Ustad Shafqat Ali Khan (born 17 June 1972) is a classical singer of the khyal vocal genre, from Pakistan, belonging to the Sham Chaurasi gharana.

The youngest son of Ustad Salamat Ali Khan, Shafqat began performing from the age of seven, when he appeared at the Lahore Music Festival at Lahore, Pakistan in 1979.

Ustad Shafqat Ali Khan is the custodian of a 400-year-old legacy of classical music. A major Pakistani English language newspaper reportedly commented about him, "This line of musicians began with Mian Chand Ali Khan and Mian Suraj Ali Khan who used to quell the heart and soul of Mughal Emperor Akbar by singing for him."
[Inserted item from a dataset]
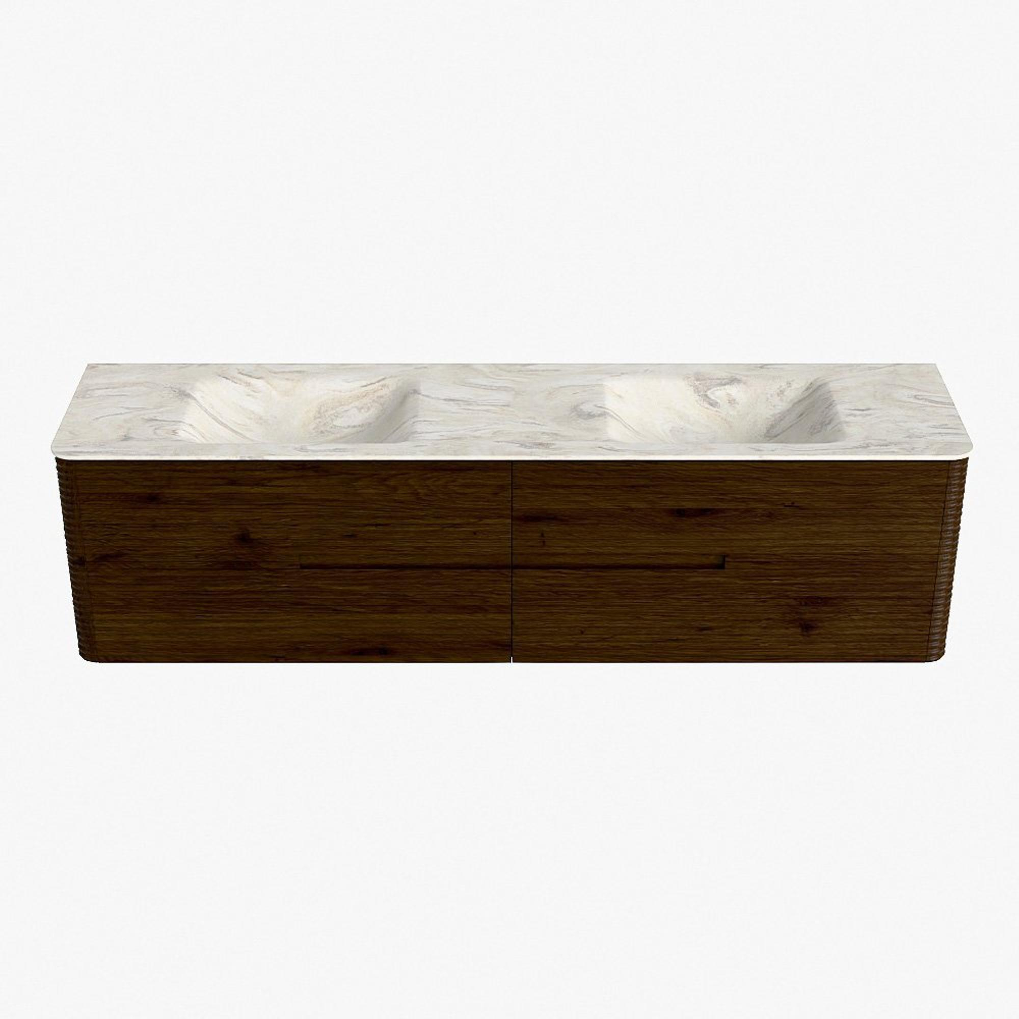 Mondiaz CIRO-DLUX Badkamermeubelset - 190x45x50cm - Solid surface wastafel Ostra - 2 wasbak Dubbel - zonder kraangaten - 4 lades - Walnut

==Awards and recognition==
Describing a performance by Ustad Shafqat Ali Khan in New York in 1992, The New York Times wrote, "Next to his father's more meditative style, Shafqat's exuberant complications, in which melodic gestures join hand-waving and synchronized finger-pointing to form an eloquent symbiosis, told an old story of youth and confidence next to age and reflection." The review also noted that the central patriarch, Ustad Salamat Ali Khan, was preceded by "Shafqat Ali Khan's more flamboyant approach to singing" and followed by a "long and leisurely three-way exchange" that included his other son, Sharafat Ali Khan. Khan has received numerous awards including the Amir Khusro Award in 1986, a Ghanda Award from New Delhi University in 1995 and a gold medal from Faisalabad University in 2004.

- Pride of Performance Award by the President of Pakistan in 2009.
- In 2018, Shafqat Ali Khan has been selected as ambassador for peace by Universal Peace Federation held in Washington, D.C.

In his message, Shafqat thanked his fans and said that through his music he had displayed the country's soft image and message of peace in the world.

==Career==
Besides performing in the United States, India, Pakistan and Bangladesh, Ustad Shafqat Ali Khan has performed concerts throughout Europe and in Canada. His recording labels are His Master's Voice, EMI (India), EMI (Pakistan), WaterLily Acoustics (USA), MegaSound (India) and Folk Heritage (Pakistan).

Ustad Shafqat Ali Khan's performances at the Smithsonian Institution in the United States in 1988 and 1996 helped him establish himself as an important Hindustani classical music performer. According to a major newspaper of Pakistan, he has a 'magnetic stage presence and is known for his mastery of rhythm and ability to connect with audiences".

Ustad Shafqat Ali Khan feels that since classical music is not commercial, all classical singers and other persons related to classical music cannot earn enough to make a decent living for themselves. So they should be given additional monthly support income by the Pakistani government.

Ustad Shafqat Ali Khan has many students all over India and Pakistan. He has two sons, Faizan Ali Khan and Nadir Ali Khan, they are singing with their father in concerts these days.